Inventive Principle:
Principle #35Parameter changes

Data Source

PatentUS12594954B2Perception-based sign detection and interpretation for autonomous machine systems and applications
Publication Date: 2026.04.07 NVIDIA CORP
  • US12594954B2 patent drawing
  • US12594954B2 patent drawing
  • US12594954B2 patent drawing

AI summary

In various examples, lanes may be grouped and a sign may be assigned to a lane in a group, then propagated to another lane in the group to associate semantic meaning corresponding to the sign with the lanes. The sign may be assigned to the most similar lane as quantified by a matching score subject to the lane meeting any hard constraints.

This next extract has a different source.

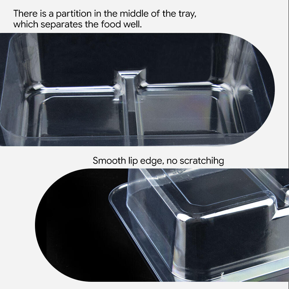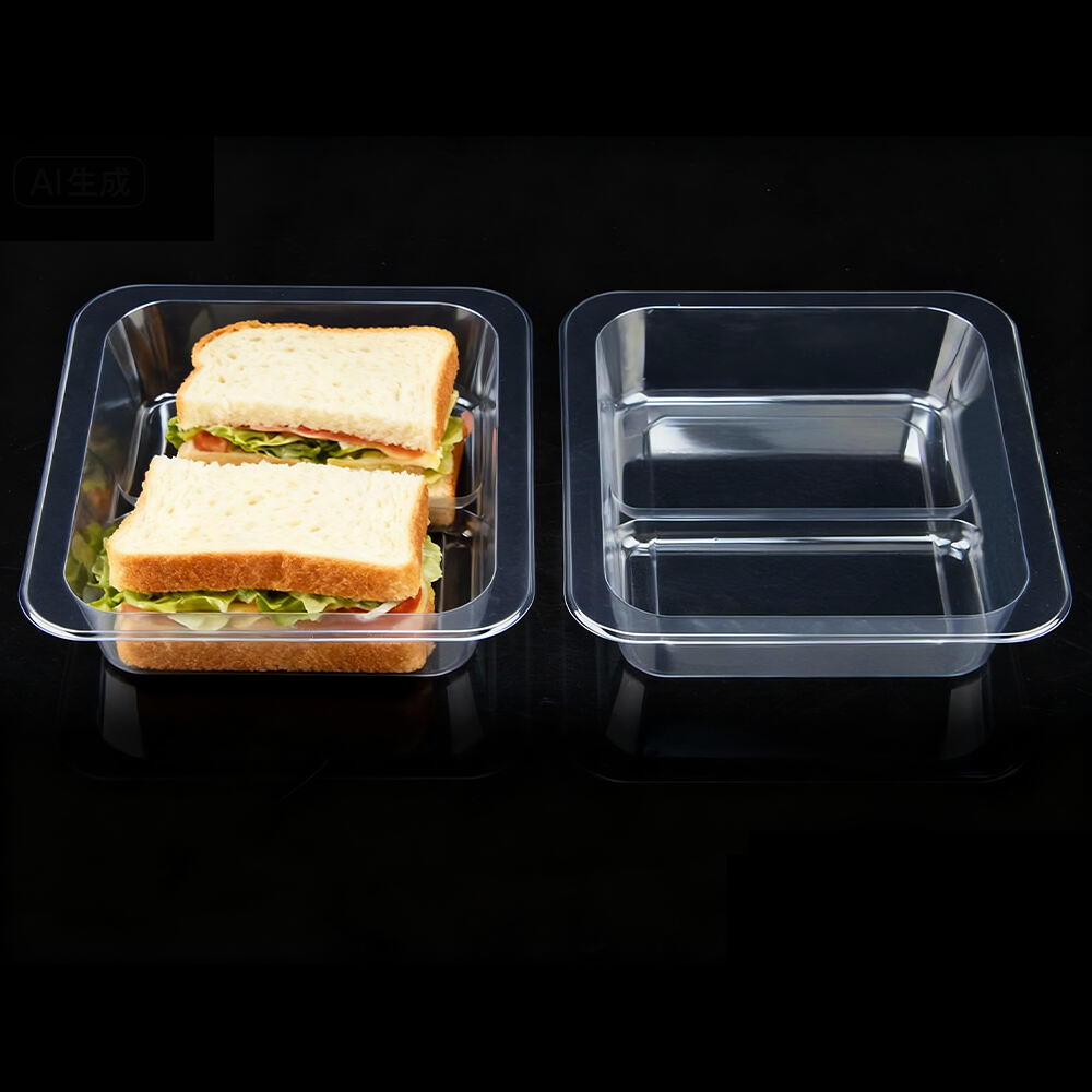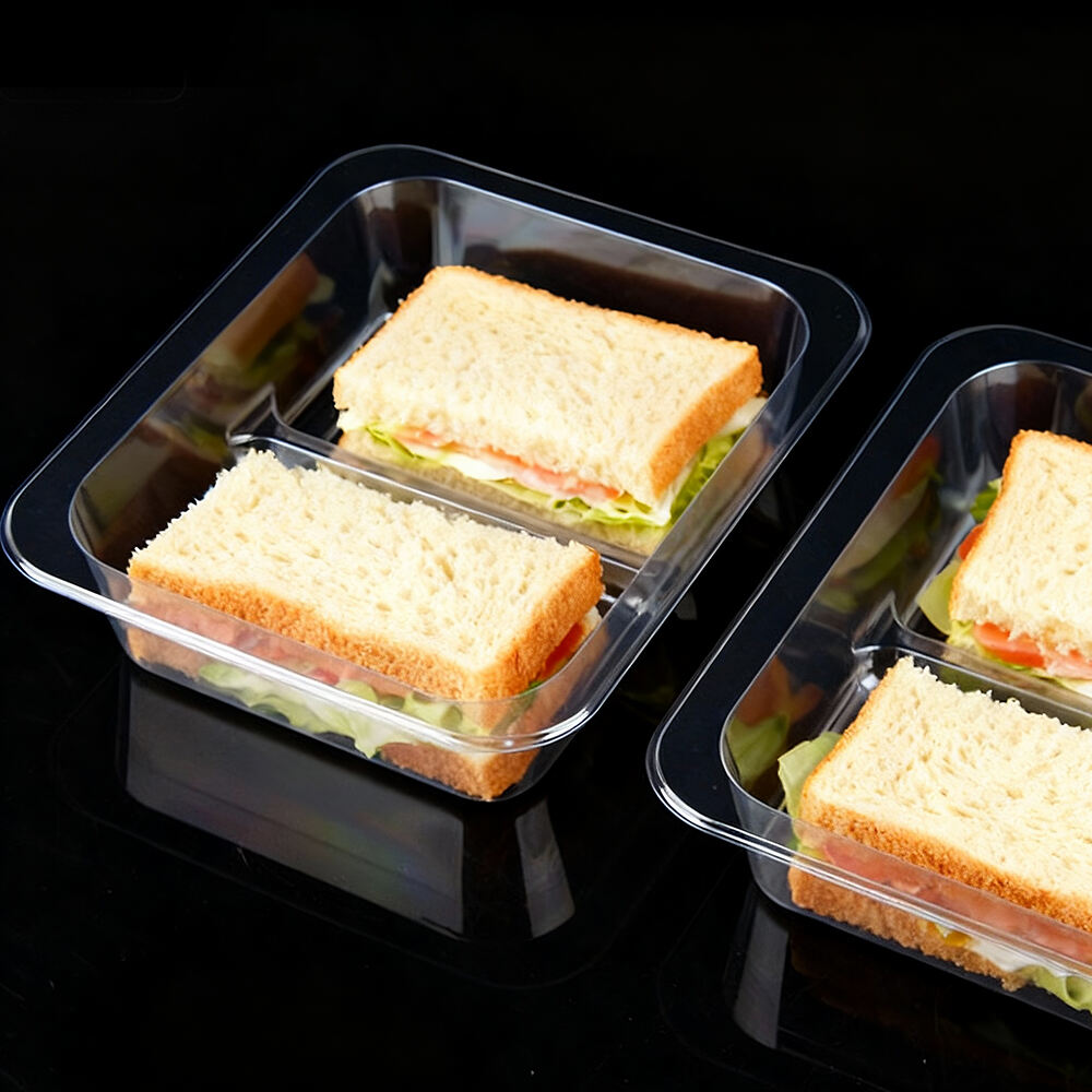 เปิดตัว ถาดแซนด์วิชใสสองช่อง — โซลูชันบรรจุภัณฑ์ขั้นสุดยอดสำหรับร้านเดลี เบเกอรี่ คาเฟ่ และผู้ค้าปลีกอาหารที่ต้องการผสมผสานความโปร่งใส ความสะดวกในการใช้งาน และอัตลักษณ์แบรนด์เข้าด้วยกัน ผลิตจากวัสดุ RPET 0.5 คุณภาพสูง ถาดนี้ช่วยให้มองเห็นสินค้าได้อย่างชัดเจน พร้อมปกป้องแซนด์วิช ซัลลาด และอาหารแสนพิเศษอื่นๆ ได้อย่างมั่นคง

Propagation of an assignment of the sign to a different lane may be based on lane attributes and/or sign attributes. Lane attributes may be evaluated and assignments of signs may occur for a lane as a whole, and/or for particular segments of a lane (e.g., of multiple segments perceived by the system). A sign may be a compound sign that is identified as individual signs, which are associated with one another. Attributes of the compound sign may provide semantic meaning used to operate a machine.